# The problem
From top to bottom, print the listing word for word and skip any pictures it contains.

Top of Dataset section

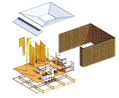 Next in the construction process is building the walls. The trail´s boundary consists of rotated panels shifting from opened to enclosed sections. The panels are made of a wooden frame with a woven bamboo layer within them. The walls enclosing the administrative and dialogue spaces are made of rammed earth. The openings on the walls bring an illuminated atmosphere through the rooms.
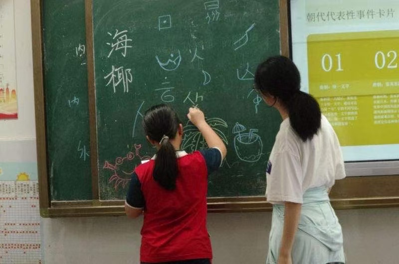 "海南像大菠萝,广东是烤鸡腿!"在地理课堂上,志愿者刘秦伯用PPT中的"省区轮廓比喻"点燃孩子们的热情。通过"云南—孔雀""台湾—芭蕉叶"等形象比喻,学生们迅速记住各省形状。互动环节"我指你答"中,孩子们争相抢答:"甘肃是数字7!""新疆是牛头!"等等。
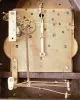 the chime clock has a detached No. 113 movement with missing components, and there are loose parts in the case. The ornate dial is very nice; the original case finish is worn. The R/A movement is unsigned, and its bottom finial and a side molding are absent. Otherwise, its condition is very good, with nice white enamel on the dial and pendulum bob. Ht of R/A is 33 in, chime clock is 15 in
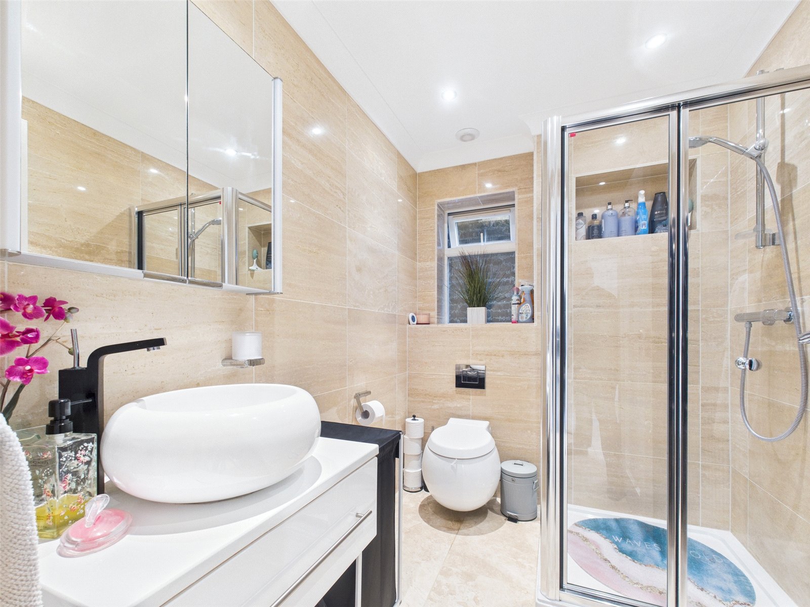 The master bedroom has a fully tiled en-suite comprising a full width shower cubicle, wash hand basin with vanity drawer and built in storage alongside, inset WC, chrome heated towel rail and an obscured glazed window.

Bottom of Dataset section

# Reply
 Next in the construction process is building the walls. The trail´s boundary consists of rotated panels shifting from opened to enclosed sections. The panels are made of a wooden frame with a woven bamboo layer within them. The walls enclosing the administrative and dialogue spaces are made of rammed earth. The openings on the walls bring an illuminated atmosphere through the rooms.
 "海南像大菠萝,广东是烤鸡腿!"在地理课堂上,志愿者刘秦伯用PPT中的"省区轮廓比喻"点燃孩子们的热情。通过"云南—孔雀""台湾—芭蕉叶"等形象比喻,学生们迅速记住各省形状。互动环节"我指你答"中,孩子们争相抢答:"甘肃是数字7!""新疆是牛头!"等等。
 the chime clock has a detached No. 113 movement with missing components, and there are loose parts in the case. The ornate dial is very nice; the original case finish is worn. The R/A movement is unsigned, and its bottom finial and a side molding are absent. Otherwise, its condition is very good, with nice white enamel on the dial and pendulum bob. Ht of R/A is 33 in, chime clock is 15 in
 The master bedroom has a fully tiled en-suite comprising a full width shower cubicle, wash hand basin with vanity drawer and built in storage alongside, inset WC, chrome heated towel rail and an obscured glazed window.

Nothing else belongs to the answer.